Encontrava-se no arquivo da coluna um ofício do Ministro da Guerra recomendado a marcha sobre o Apa logo que as conjunturas a tanto se prestassem.
Ali enxergou, não o que exatamente havia, uma indicação facultativa, mas a ordem de avançar, forma peremptória. Por mais que se lhe fizessem observações: cego, graças a doentia suscetibilidade, levava a mal que de menos contestável se lhe objetasse.
Uma frase depreciativa a seu respeito pronunciada, imprudentemente repetida, ainda lhe acirrou a inflexibilidade, tornando-o surdo a quanto parecesse desviá-lo do projeto de invasão. Não era que lhe não sopesasse as dificuldades; via, porém, os soldados cheios de entusiasmo e já aguerridos; embalava-se na esperança de, à sua testa, praticar grandes feitos; adestrava-os às manobras, por meio de freqüentes exercícios, levava-os a empenhar combates simulados, em que a artilharia representava ruidoso papel; e desta agitação geral resultava uma animação de que ele próprio compartia.
Entretanto, algumas vezes também, percebia nitidamente que apenas dispunha de uma vanguarda de exército em campanha; e era obrigado a reconhecê-lo.
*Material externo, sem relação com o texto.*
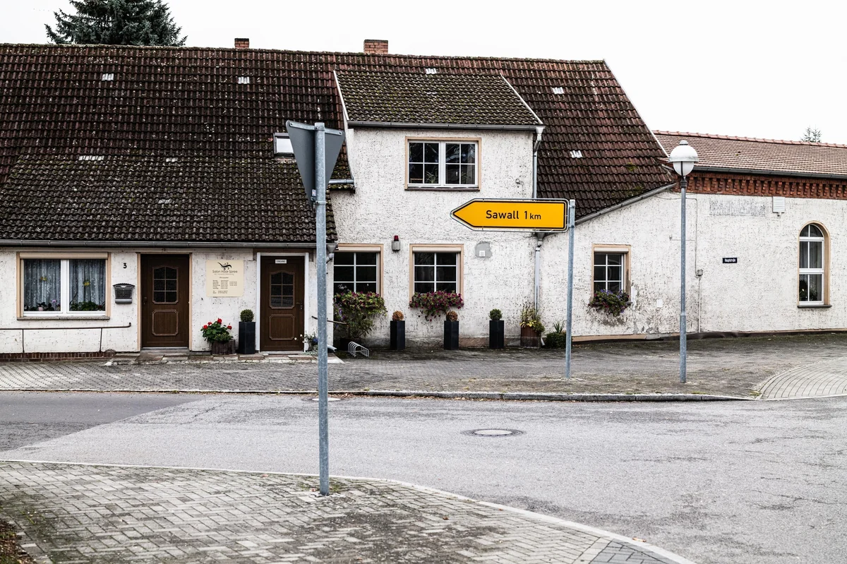 Draußen: Trebatsch in der Niederlausitz, von der Hauptstraße geht eine Sackgasse ab, davor ein Schild mit der Aufschrift „Keine Wendemöglichkeit“. In der Kurve liegt eine Gaststätte, die Vorhänge sind zugezogen. Auf der anderen Gebäudeseite: zwei Türen. Rechts geht es in den Friseursalon, links zur Großmutter. Vanessa Oldenburg betritt das Haus. Drei Generationen wohnen hier.
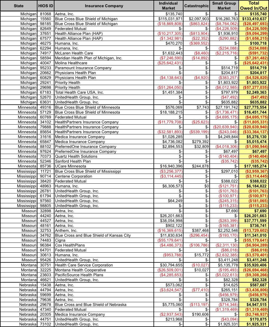 So, about an hour ago, CMS released the actual 2017 RA report itself, which lists (among other interesting info), exactly how much money insurance carriers in every state owe or are owed from last year. There are three categories: The Individual Market (Bronze, Silver, Gold & Platinum); the Catastrophic Individual Market; and the Small Group Market. the total amount of money involved is around $10.4 billion ($5.2 billion owed by carriers, $5.2 billion owd to carriers).
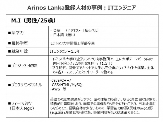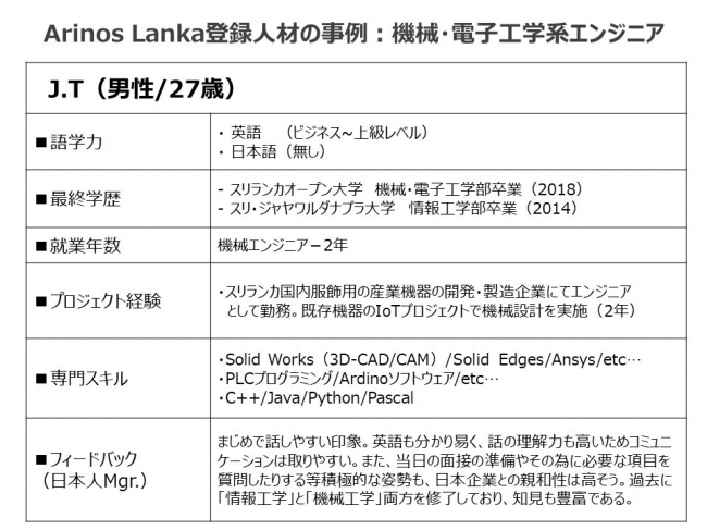 ※実際のスリランカ人材事例:機械・電子工学系エンジニア
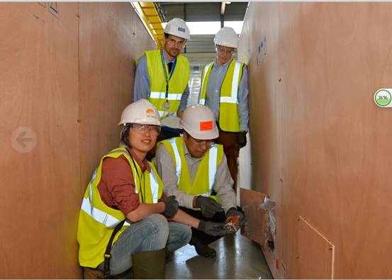 图为ITER组织运输负责人、中方物流企业代表、ITER组织磁体组负责人、欧盟技术负责人对PF5假导体的运输情况进行检测。图片来自ITER官方网站

As hesitações lhe voltavam então, e, chegado o dia por ele próprio fixado para a arrancada das forças, achava sempre motivo para o adiamento, embora precisasse invocar as razões na véspera repelidas. Ora oficiava ao Ministro que nada podia empreender sem cavalaria, e ora pretendia poder dispensá-la; dolorosos embates entre a autoridade da razão clara e as inspirações do orgulho magoado.
Era-lhe a atitude, aliás, sempre digna e firme; em todas as questões administrativas trazia, sobretudo, o cunho de nobre integridade. Não admitia uma diminuição ao prestígio de chefe e sabia mantê-lo tanto mais quanto lhe assistia real singeleza e amenidade.
Homem de quarenta e sete anos de idade, baixo e aparentemente robusto, feições regulares, tez morena-escura, olhos negros e vivos, tinha larga testa e belo crânio, completamente calvo, que dos paraguaios lhe valeu injuriosa alcunha. Sempre sério e preocupado, era visto solitário, ou a conferenciar com o velho sertanista que nos servia de guia, José Francisco Lopes.
Merece este ser apresentado ao leitor antes que o veja agir. Dentre nós, os que tinham presentes os romances de Fenimore Cooper, não podiam, à vista do sertanejo brasileiro, o homem das solidões, deixar de evocar a grande e singela figura de Olho de Falcão no Último dos Moicanos.